L*A implements left multiplication with a usual matrix.

*: (Matrix Fraction D, %) -> % if D has IntegralDomain

L*A implements left multiplication with a usual matrix over the quotient field of D.

allIndices: % -> List C

allIndices(A) returns all indices used for enumerating the columns of the matrix A.

appendRow!: (%, Record(Indices: List C, Entries: List D)) -> Void

appendRow!(A, r) appends the row r at the end of the matrix A.

coerce: % -> Matrix D

coerce(A) yields the matrix A in the usual matrix type.

coerce: % -> OutputForm

from CoercibleTo OutputForm

consRow!: (%, Record(Indices: List C, Entries: List D)) -> Void

consRow!(A, r) inserts the row r at the top of the matrix A.

copy: % -> %

copy(A) returns a copy of the matrix A.

deleteRow!: (%, Integer) -> Void

deleteRow(A, i) deletes the i-th row of the matrix A.

elimZeroCols!: % -> Void

elimZeroCols!(A) removes columns which contain only zeros. This effects basically only the value of allIndices(A).

elt: (%, Integer, C) -> D

elt(A, i, c) returns the entry of the matrix A in row i and in the column with index c.

extract: (%, Integer, Integer) -> %

extract(A, i1, i2) extracts the rows i1 to i2 and returns them as a new matrix.

horizJoin: (%, %) -> %

horizJoin(A, B) horizontally concats the matrices A and B. It is assumed that all indices of B are smaller than those of A.

horizSplit: (%, C) -> Record(Left: %, Right: %)

horizSplit(A, c) splits the matrix A into two at the column given by c. The first column of the right matrix is enumerated by the first index less or equal to c.

join: (%, %) -> %

join(A, B) vertically concats the matrices A and B.

ncols: % -> NonNegativeInteger

ncols(A) returns the number of columns of the matrix A.

new: (List C, Integer) -> %

new(inds, nrows) generates a new matrix with nrows rows and columns enumerated by the indices inds.
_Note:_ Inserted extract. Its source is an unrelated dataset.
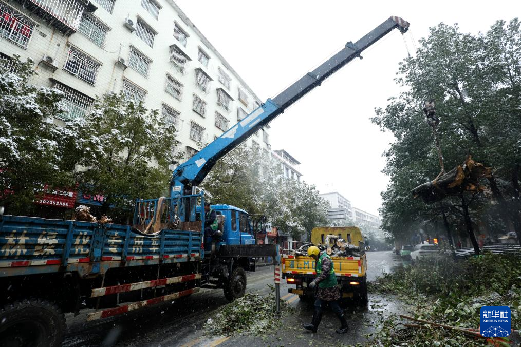 1月22日,在湖南省资兴市,园林工人在清理被积雪压倒的树木。
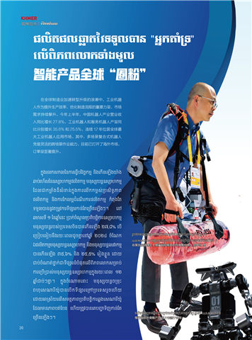 ឯផ�ិតកម្មីម្ម�ស្សាសយ�ឧស្សាាហកម្ម �ិងម្ម�ស្សាសយ�ាដោស្សាវាកម្ម ី 在第五届消博会上傲鲨智能展示的外骨骼机器人 新华社 图

The matrix is empty, i.e. the zero matrix.

nrows: % -> NonNegativeInteger

nrows(A) returns the number of rows of the matrix A.

pivot: (%, Integer) -> Record(Index: C, Entry: D)

pivot(A, i) returns the leading entry of the i-th row of the matrix A together with its index.

pivots: % -> Record(Indices: List C, Entries: List D)

pivots(A) returns all leading entries of the matrix A together with their indices.

primitiveRowEchelon: % -> Record(Ech: %, Lt: Matrix Fraction D, Pivots: List D, Rank: NonNegativeInteger) if D has GcdDomain

primitiveRowEchelon(A) computes a row echelon form for the matrix A. The algorithm used is fraction-free elimination. Every row is made primitive by division by the gcd. The algorithm is especially adapted to matrices already close to row echelon form. The transformation matrix, the used pivots and the rank of the matrix are also returned.

purge!: (%, C -> Boolean) -> Void

purge!(A, crit) eliminates all columns belonging to an index c such that crit(c) yields true.

row: (%, Integer) -> Record(Indices: List C, Entries: List D)

row(A, i) returns the i-th row of the matrix A.

rowEchelon: % -> Record(Ech: %, Lt: Matrix D, Pivots: List D, Rank: NonNegativeInteger)

primitiveRowEchelon(A) computes a row echelon form for the matrix A. The algorithm used is fraction-free elimination. It is especially adapted to matrices already close to row echelon form. The transformation matrix, the used pivots and the rank of the matrix are also returned.

setelt!: (%, Integer, C, D) -> Void

setelt!(A, i, c, d) sets the entry of the matrix A in row i and in the column with index c to the value d.

setGcdMode: Symbol -> Symbol if D has GcdDomain

setGcdMode(s) sets a new value for the flag deciding on the method used to compute gcd`s for lists. Possible values for s are iterated and random.

setRow!: (%, Integer, List C, List D) -> Void

setRow!(A, i, ind, ent) sets the i-th row of the matrix A. Its indices are ind; the entries ent.

setRow!: (%, Integer, Record(Indices: List C, Entries: List D)) -> Void

setRow!(A, i, ind, ent) sets the i-th row of the matrix A to the value r.

sortedPurge!: (%, C -> Boolean) -> Void

sortedPurge!(A, crit) is like purge, however, with the additional assumption that crit respects the ordering of the indices.

CoercibleTo OutputForm

finiteAggregate

shallowlyMutable